Trusts originated in late medieval England where a wealthy land owner (“The Feoffor”) would convey land to another trusted party (“The Feoffees to uses”) to hold the land as directed for the benefit of persons nominated. The object behind the predecessor to today’s modern trust was to allow land holders to make ‘wills’ for their land, which would automatically have otherwise passed to their heir, and normally the oldest son.

The modern trust is commonly utilised and has many advantages including taxation benefits, strategic estate planning which keeps assets outside a will, and of course, protecting assets from creditors.

However the trust structure is not safe from attack (just ask Gina Rinehart), and the Court will in some circumstances go behind a trust.


The question of when the Court will consider a trust to be a “sham” was considered in the recent case of Condon v Lewis [2013] NSW CA 204. In that case the debtor, Colleen established a discretionary trust as the vehicle for the purchase of real property. Colleen was the Appointor (which is the person with ultimate control who decides who the trustee is) and the beneficiaries included herself, her daughters and her grandchildren. Colleen had established the trust and at the time the property was purchased told her accountant “I’m in a complicated court case. I’ve found property which I want to buy, but I want to keep it in my own name in the short term because of the court case”.

In 2005, Colleen amended the trust so that one of her daughters was the Appointor and she removed the corporate trustee and appointed herself personally as trustee. In 2006, proceedings between Colleen and her former husband were settled and a declaration was made that Colleen would hold the property as trustee of the discretionary trust and that it be transferred to her within 30 days.

Despite the 2005 deed of amendment and the settlement in 2006, it was not until 3 years later that Colleen transferred the property into her name as set out in the 2006 Order.

In 2009 and 2010, Colleen entered into a series of loans, secured over the property with no mention of her holding the property as trustee. Subsequently, Colleen’s daughter appointed a new trustee of the company, however the property was not transferred into the new trustee company’s name before Colleen was made bankrupt in 2012.

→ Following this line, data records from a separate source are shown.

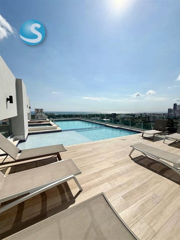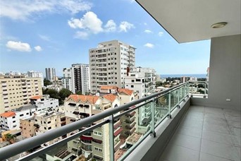 Moderno piso alto en alquiler ubicado en Bella Vista Piso 10 3 habitaciones 3.5 baños Sala Comedor Cocina Locker Balcón Habitación de servicio 2 parqueos Amenidades y características de la torre Portón eléctrico 3 ascensores Luz 24 hrs Cámaras de seguridad Planta full Gimnasio Lobby climatizado Gas común Precio de alquiler US$2,300 Informacion Welin Jimenez 809-829-3185 MAR. C.
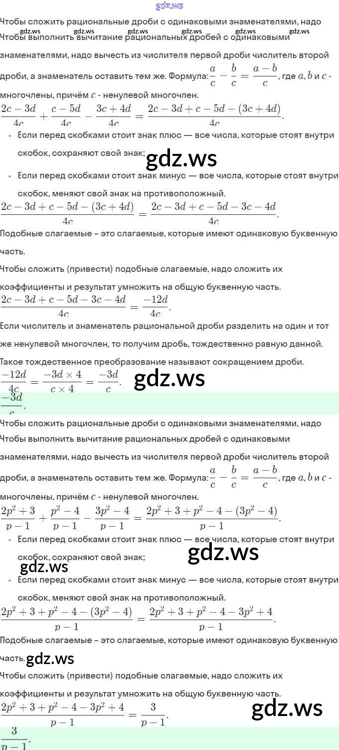 Готовый и полный ответ к §3. Сложение и вычитание дробей с одинаковыми знаменателями - Алгебре 8 класс Миндюк Рабочая тетрадь УМК ФГОС
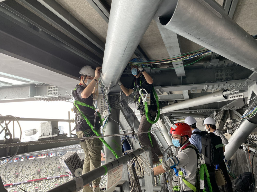 ↑徐子鉴(上右)、陈益宸(上左)、孔佳泉(下)在东京新国立竞技场为固定遥控相机布置线缆。
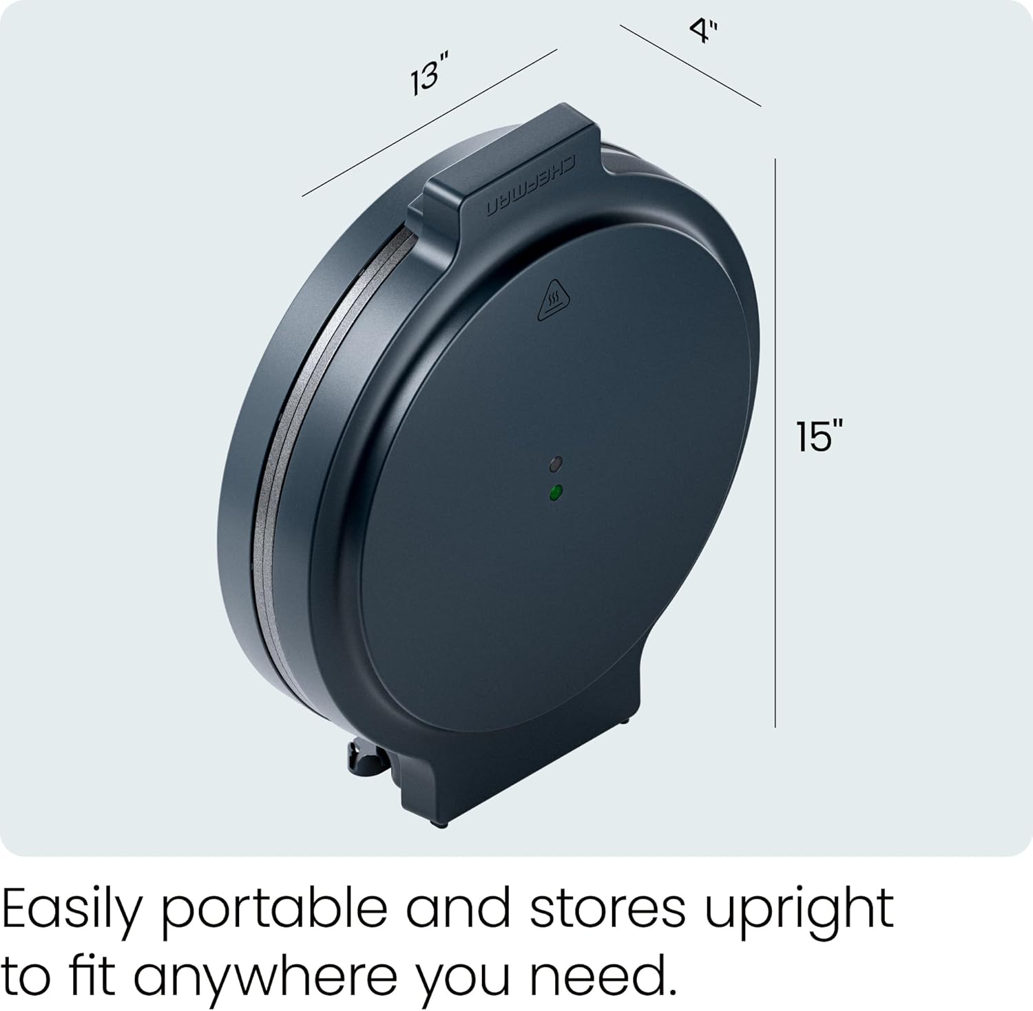 Make everything you want with the Chefman Pizza Maker. Created at the intersection of art and function, this one-stop appliance is perfect for making pizza, nachos, quesadillas, melts, and more—all while looking beautiful on the countertop. LED indicator lights show when the unit has power and is fully heated, reaching temperatures as high as 428°F. The large 12” nonstick cooking plates are big enough to fit a whole pizza and make cleaning up after dinner easy. When you’re done, fold this electric skillet with lid closed and store it upright to save space or take the portable griddle on the go! Your pizza maker comes with a digital cookbook including 15 chef-crafted recipes. Purchase includes a 5 year warranty from Chefman. For information on how to use your product, scroll down for a PDF User Guide. 1440W/120V – RJ58-EM-MIDNIGHT-CA
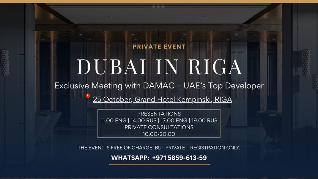 Крупнейший частный девелопер Дубая — DAMAC — приезжает в Ригу!
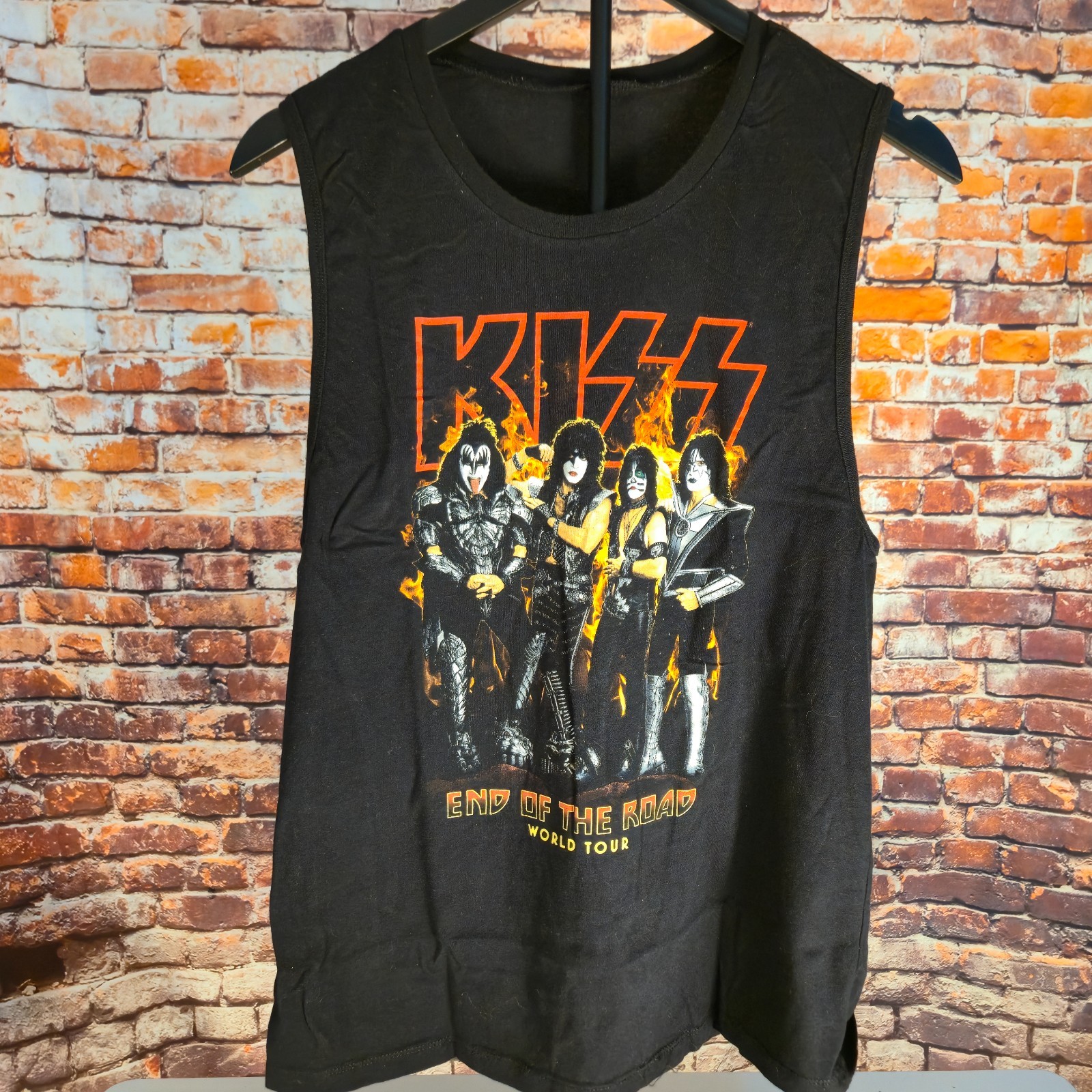 Awesome KISS rock band sleeveless shirt featuring the legendary band lineup and End Of The Road World Tour graphic. Perfect for fans of classic rock and concert merch.
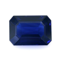The ring features a beautiful, transparent 1.07 carat emerald cut shape blue sapphire with the dimensions of 6.84 x 4.86 x 2.91 mm and a emerald cut. It has a clarity grade of eye clean (evaluated at eye level), vivid color saturation, and an excellent polish. The origin of this sapphire is Thailand.
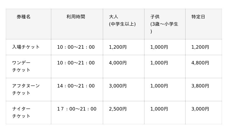 ※0~2歳までのお子さまは無料です。スノーパークもご利用いただけます。

It is also noted that all funds purchased of the property were contributed to by Colleen personally.

The Trustee in bankruptcy asserted that the trust was a sham and was entered into so as to conceal fact that the property was actually owned by Colleen.

The Court of Appeal, held that the trust was not a sham and that whilst the trust had been established with the intention of protecting Colleen’s assets, it had been established with the intention that it should not have its apparent effect nor any legal consequence. “To say that a document or transaction is a sham, means that while professing to be one thing, it is in fact something different.”

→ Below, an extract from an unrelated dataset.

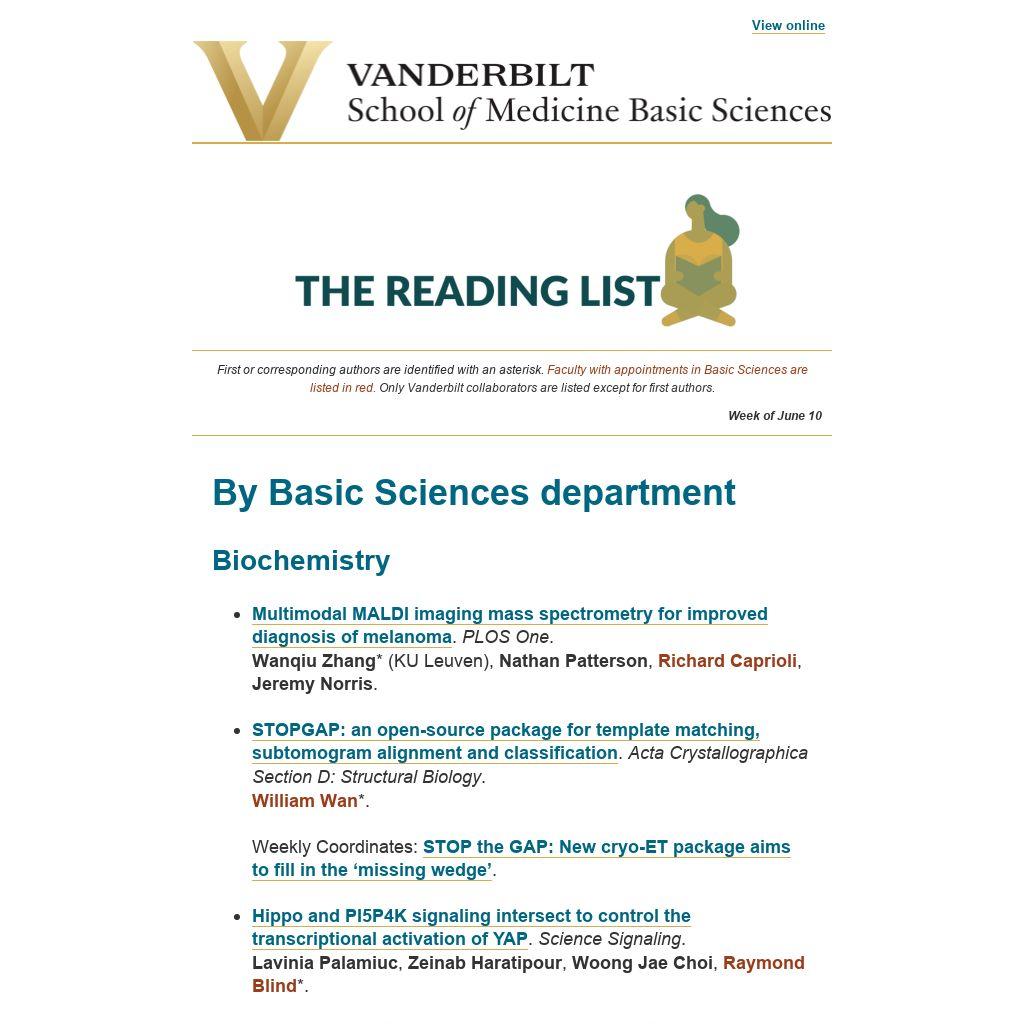 First or corresponding authors are identified with an asterisk. Faculty with appointments in Basic Sciences are listed in red. Only Vanderbilt collaborators are listed except for first authors.

The Court must essentially look to the circumstances in which the trust was created so as to ascertain the clear intention of the party in establishing trust.

The Court will only look behind a document or transaction if there is a “good reason to do so” so that there is effectively a presumption against the findings that a trust is a sham.

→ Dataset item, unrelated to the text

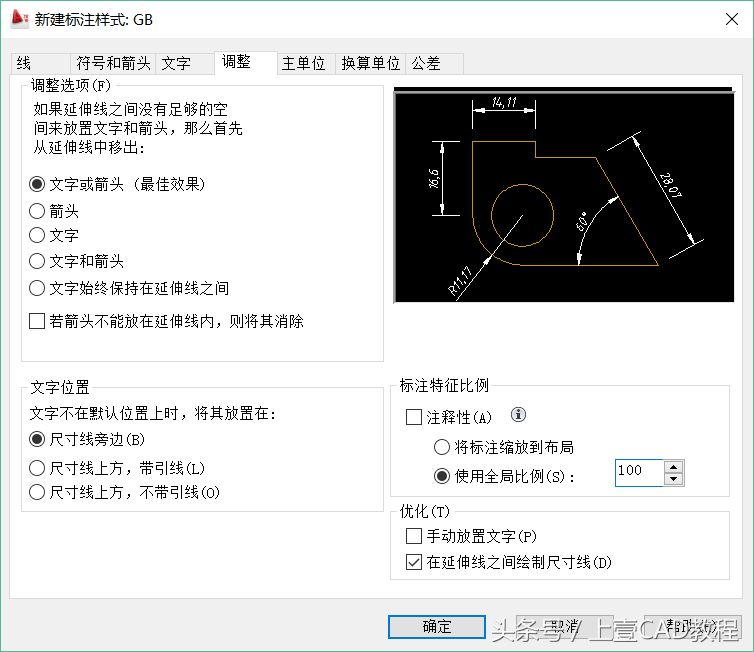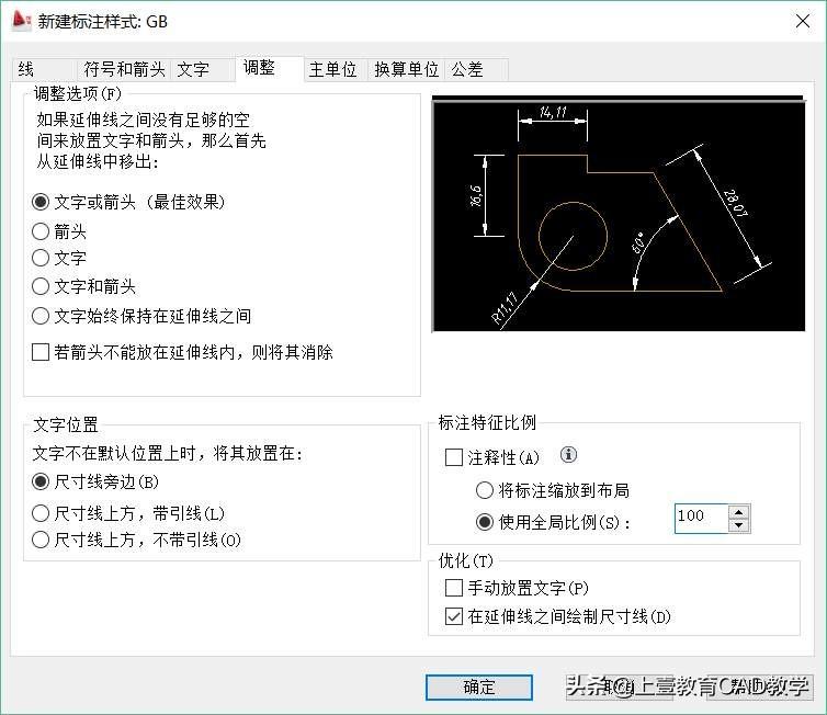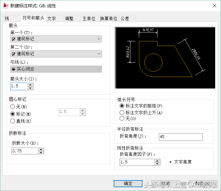 12、半径标注子样式和直径标注的设置完全相同。注:即使是建筑图,其直径、半径、角度仍用箭头。完成后如下图:

The Court also noted the distinction between sham trust and a trust which had been entered into specifically for the purpose of defrauding or defeating creditors.


The Family Court is no stranger to looking towards the true nature and controller of a trust, and indeed the Family Court requires disclosure as to the Appointor and interest in any trusts so as to determine the true extent of matrimonial assets.

It is for this reason that, when establishing a trust, persons will often elect to put in place an alternative friendly Appointor to put distance between the person and the trust. Of course this ultimately has to be weighed against relinquishing true control of the trust.

In the Family Court, even an entitlement as a beneficiary under a trust can be a relevant consideration to the Court, as in the case of Read v Chang [2010] FAMCA 876, where a wife was the discretionary beneficiary of a trust which had assets of $630 million. In that case the Court held that “although the wife may only have a contingent entitlement and is no more than a member of a class of beneficiaries, the memorandum of wishes enlightens the Court as to future the wife’s economic circumstances”.